Main ideas from Donald Shoup’s “The High Cost of Free Parking”
September 14th, 2007,A few months ago I learned about the book The High Cost of Free Parking, by UCLA professor of urban planning Donald Shoup. The book was published by the American Planning Association in 2005. Shoup’s ideas seem to be slowly percolating into the national and global consciousness, as evidenced by recent coverage of them on NPR, in Time magazine, and elsewhere.
I recently checked the book out from a local college library and my wife and I read it - or I should say my remarkable wife read it while I read parts of it. It’s an extremely well-researched book, quite scholarly and somewhat repetitive, but readable nonetheless. This is an important book that will likely have a lasting impact on our planet.

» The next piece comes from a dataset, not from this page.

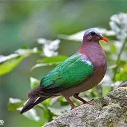 绿背金鸠体长约25厘米,是中等体型、尾甚短的地栖型斑鸠。下体粉红,头顶灰色,额白,腰灰,两翼具亮绿色。…

My wife and I made the following list of main ideas from the book in order to make them more accessible:
Minimum off-street parking requirements have fostered sprawl and skewed transportation choices toward automobiles and have made urban areas less pedestrian-friendly.
The cost of parking has been hidden in the prices for other goods and services.
Free parking (or below-market-price parking) increases traffic because people drive more and spend more time cruising looking for parking spots.
Dont have off-street parking requirements. Let the market decide how much parking to provide.
In congested areas where parking is tight, charge for parking and let market forces work. This frees up parking spots for the people who value them most, reduces cruising traffic, and generates revenue for a neighborhood or city. “You can’t manage parking if you can’t charge for it,” Shoup says in the Time article. Shoup recommends a price that will leave about 15 percent of parking spaces open and 85 percent of them occupied.
Create Parking Benefit Districts with market-priced curbside parking. Revenue will go to improvements in that district or neighborhood, which will help to overcome political opposition to charging for parking.
The barriers to implementing these changes are political rather than technological.
The first chapter of the book is available online.

September 14th, 2007 at 10:22 am
Do these ideas apply to the small town of Northfield, Minnesota, where I live? I would generally conclude that if more than 85 percent of the parking spots on a street or a public parking lot are full, then we should charge for them.
Maybe we should get an expert in here and advise us on this.